Background
Therapeutic augmentation of fracture site angiogenesis with Deferoxamine (DFO) has proven to increase vascularity, callus size and mineralization in long-bone fracture models. We posit that the addition of DFO would enhance pathological fracture healing in the setting of radiotherapy in a model where non-unions are the most common outcome.
Methods
Sprague-Dawley rats (n = 35) were divided into 3 groups. Fracture (Fx), radiated fracture (XFx) and radiated fracture + DFO (XFxDFO). Groups XFx and XFxDFO received a human equivalent dose of radiotherapy (7 Gy/day × 5 days = 35 Gy) 2 weeks prior to mandibular osteotomy and external fixation. The XFxDFO group received injections of DFO into the fracture callus after surgery. Following a 40-day healing period, mandibles were dissected, clinically assessed for bony-union, imaged with Micro-CT, and tension tested to failure.
Results
Compared to radiated fractures, metrics of callus size, mineralization and strength in DFO treated mandibles were significantly increased. These metrics were restored to a level demonstrating no statistical difference from control fractures.
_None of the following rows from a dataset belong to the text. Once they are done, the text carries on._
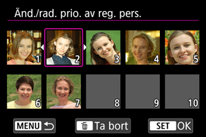 Du kan ordna om registrerade personer för att ändra prioriteten för igenkänningen. Du kan även ta bort registrerade personer.
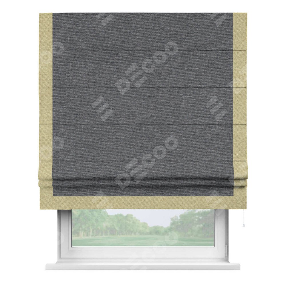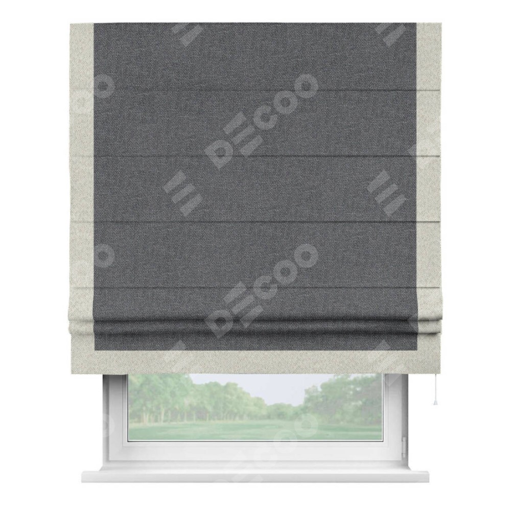 Римская штора «Кортин» для проёма, лён димаут графит с кантом Виктория
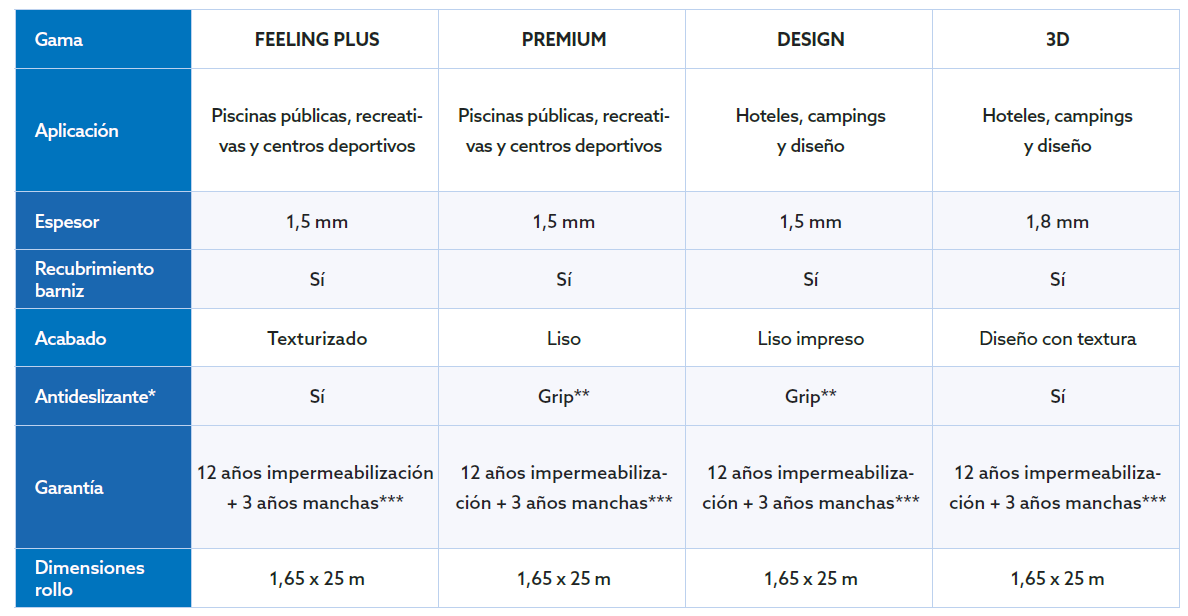 FEELING PLUS & PREMIUM: Láminas texturizadas o lisas de 1,5 mm, perfectas para piscinas públicas y deportivas.
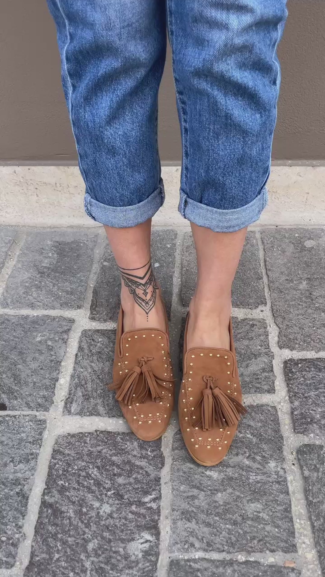 Patrasso The suede moccasin revisits a classic shoe in an elegant version. The versatile and timeless model is embellished with raised stitching on the upper and two matching studs, as well as being enriched by studs that frame the upper. The shoe is unlined and completed by the comfortable insole.
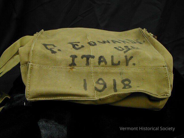Olive green canvas haversack. The haversack closes with a flap that covers the entire front side. The bag closes with a flap that reaches from the top back to the bottom front, and secures with a buckle. There are two metal rings at the top back, to which a long cotton webbing strap attaches with hooks. The flap is stamped with the number 3 on the outside, and 260 on the inside. The back of the bag is painted with the label, "F. EDWARDS U.S.A. ITALY. 1918." The label is superimposed over a lighter name that begins with "Mc".Context
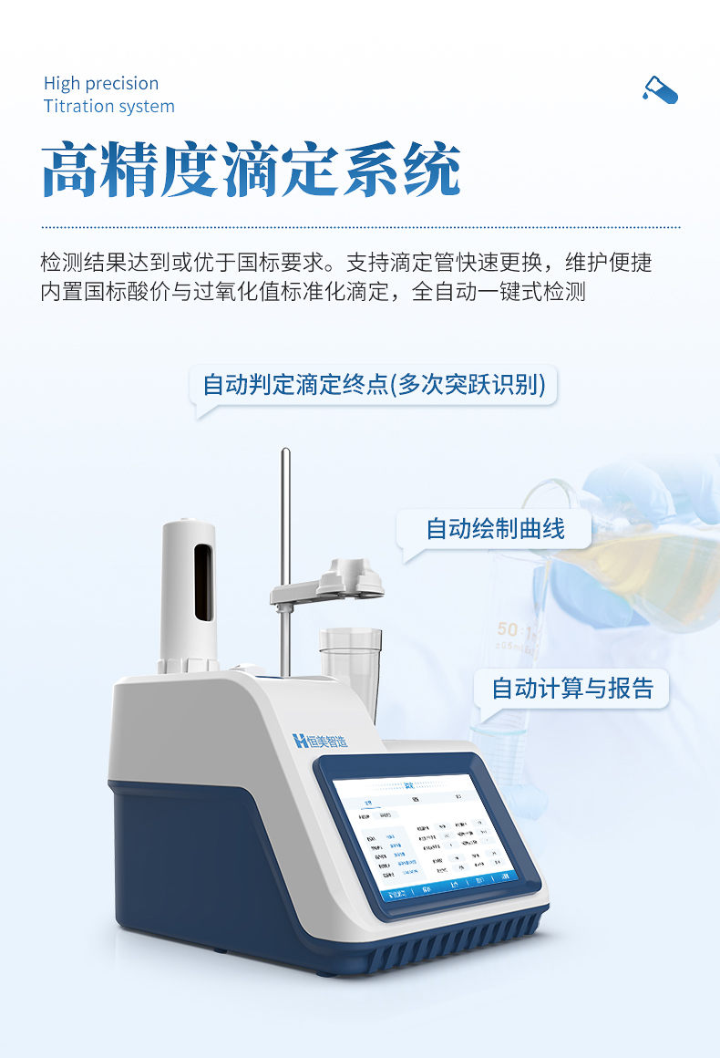 3.内置国标酸价与过氧化值标准化滴定,自动判定滴定终点(多次突跃识别)、自动绘制曲线、自动计算与报告的“全自动”一键式检测;

In addition we observed an increased rate of achieving bony unions in the XFxDFO treated group when compared to XFx (67% vs. 20% respectively).
Conclusions
Our data demonstrate near total restoration of callus size, mineralization, and biomechanical strength, as well as a 3-fold increase in the rate of union with the use of DFO. Our results suggest that the administration of DFO may have the potential for clinical translation as a new treatment paradigm for radiation induced pathologic fractures.
Level of Evidence
Animal study, not gradable for level of evidence.